Setup of the pool is a single cluster on GKE, using the default Tanka config (i.e. 3 pods of each of the core-service and cockroachdb).
Any chance the operational intent has expired between the time it was created and the time it was tentatively deleted?
No these actions were only 2 seconds apart
Are you able to reliably reproduce the issue, does it appear randomly, or did it happen only once?
I was able to reproduce it with a parallel load qps above 3 QPS
Do you have any logs at hand relevant to the issue?
Are you able to view https://cloudlogging.app.goo.gl/9jStWPozE5c7vHkC8?
Do you have a dump of the culprit request and response?

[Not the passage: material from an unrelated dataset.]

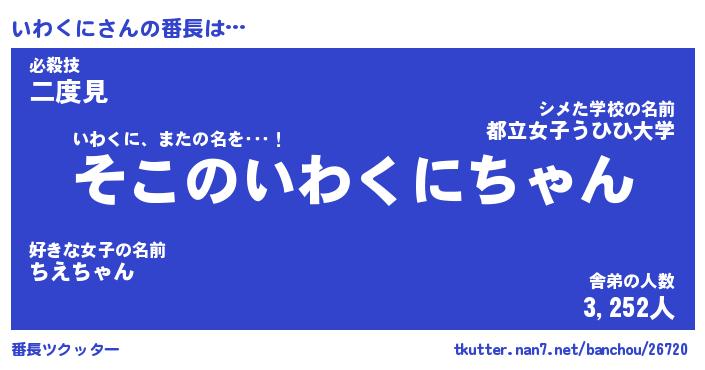 | 意味不明あだ名 | 『ペロリンいわくに』『永久保存いわくに』 |
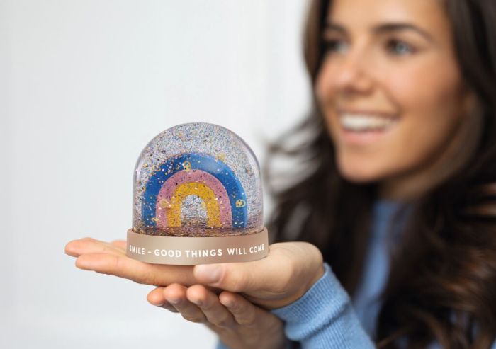 Smile – und schon kann der Tag richtig gut starten! Einfach die Schneekugel schütteln und schon tanzt ein fröhlicher Smiley- und Glitzerregen um einen bunten Regenbogen herum. Der Schriftzug sagt alles: "Good things will come!"

Among other, the message in the 404 response could be interesting.
Request:
{
"insertId": "funxwmf5jv4vj",
"jsonPayload": {
"statusDetails": "response_sent_by_backend",
"@type": "type.googleapis.com/google.cloud.loadbalancing.type.LoadBalancerLogEntry",
"cacheDecision": [
"RESPONSE_HAS_CONTENT_TYPE",
"REQUEST_HAS_AUTHORIZATION",
"CACHE_MODE_USE_ORIGIN_HEADERS"
],
"remoteIp": "74.125.210.2",
"backendTargetProjectNumber": "projects/229325454109"
},
"httpRequest": {
"requestMethod": "PUT",
"requestUrl": "https://dss.wing-internal.interuss.opensky.dev/dss/v1/operational_intent_references/0a5d60ef-cbd3-46a5-9241-200ded546fba",
"requestSize": "99894",
"status": 201,
"responseSize": "1948",
"userAgent": "Wing-DSS",
"remoteIp": "74.125.210.2",
"serverIp": "10.64.1.4",
"latency": "1.176242s"
},
"resource": {
"type": "http_load_balancer",
"labels": {
"url_map_name": "k8s2-um-ecv8cqrz-dss-main-https-ingress-wtlkqi84",
"project_id": "wing-utm-external-staging",
"forwarding_rule_name": "k8s2-fs-ecv8cqrz-dss-main-https-ingress-wtlkqi84",
"target_proxy_name": "k8s2-ts-ecv8cqrz-dss-main-https-ingress-wtlkqi84",
"backend_service_name": "k8s1-fd370d60-dss-main-core-service-8080-ff9079c6",
"zone": "global"
}
},
"timestamp": "2024-08-08T19:44:27.286542Z",
"severity": "INFO",
"logName": "projects/wing-utm-external-staging/logs/requests",
"trace": "projects/wing-utm-external-staging/traces/0a277f79d85bc9aabeb827f26e9931eb",
"receiveTimestamp": "2024-08-08T19:44:30.770288499Z",
"spanId": "3c8b2db3a4a424e8"
}
Response:
{
"insertId": "8musn9f5y0xt9",
"jsonPayload": {
"remoteIp": "74.125.210.1",
"@type": "type.googleapis.com/google.cloud.loadbalancing.type.LoadBalancerLogEntry",
"backendTargetProjectNumber": "projects/229325454109",
"statusDetails": "response_sent_by_backend",
"cacheDecision": [
"RESPONSE_HAS_CONTENT_TYPE",
"REQUEST_HAS_AUTHORIZATION",
"CACHE_MODE_USE_ORIGIN_HEADERS"
]
},
"httpRequest": {
"requestMethod": "DELETE",
"requestUrl": "https://dss.wing-internal.interuss.opensky.dev/dss/v1/operational_intent_references/0a5d60ef-cbd3-46a5-9241-200ded546fba/huHqtAVBkqIgErF2peFF-uhGsCvLatVyybgfKs8dgz0_",
"requestSize": "1460",
"status": 404,
"responseSize": "325",
"userAgent": "Wing-DSS",
"remoteIp": "74.125.210.1",
"serverIp": "10.64.2.3",
"latency": "19.837230s"
},
"resource": {
"type": "http_load_balancer",
"labels": {
"zone": "global",
"forwarding_rule_name": "k8s2-fs-ecv8cqrz-dss-main-https-ingress-wtlkqi84",
"url_map_name": "k8s2-um-ecv8cqrz-dss-main-https-ingress-wtlkqi84",
"backend_service_name": "k8s1-fd370d60-dss-main-core-service-8080-ff9079c6",
"target_proxy_name": "k8s2-ts-ecv8cqrz-dss-main-https-ingress-wtlkqi84",
"project_id": "wing-utm-external-staging"
}
},
"timestamp": "2024-08-08T19:44:29.333991Z",
"severity": "WARNING",
"logName": "projects/wing-utm-external-staging/logs/requests",
"trace": "projects/wing-utm-external-staging/traces/231d30f78a0e53caba232f61d166213b",
"receiveTimestamp": "2024-08-08T19:44:50.565327121Z",
"spanId": "3826e6628999bceb"
}
Thank you for the details, @callumdmay.
Regarding the request and response you provided, they don't seem to contain the payload that was sent and received from the DSS, but instead contain what seems to be metadata pertaining to the system that is issuing the requests, or through which the requests flow?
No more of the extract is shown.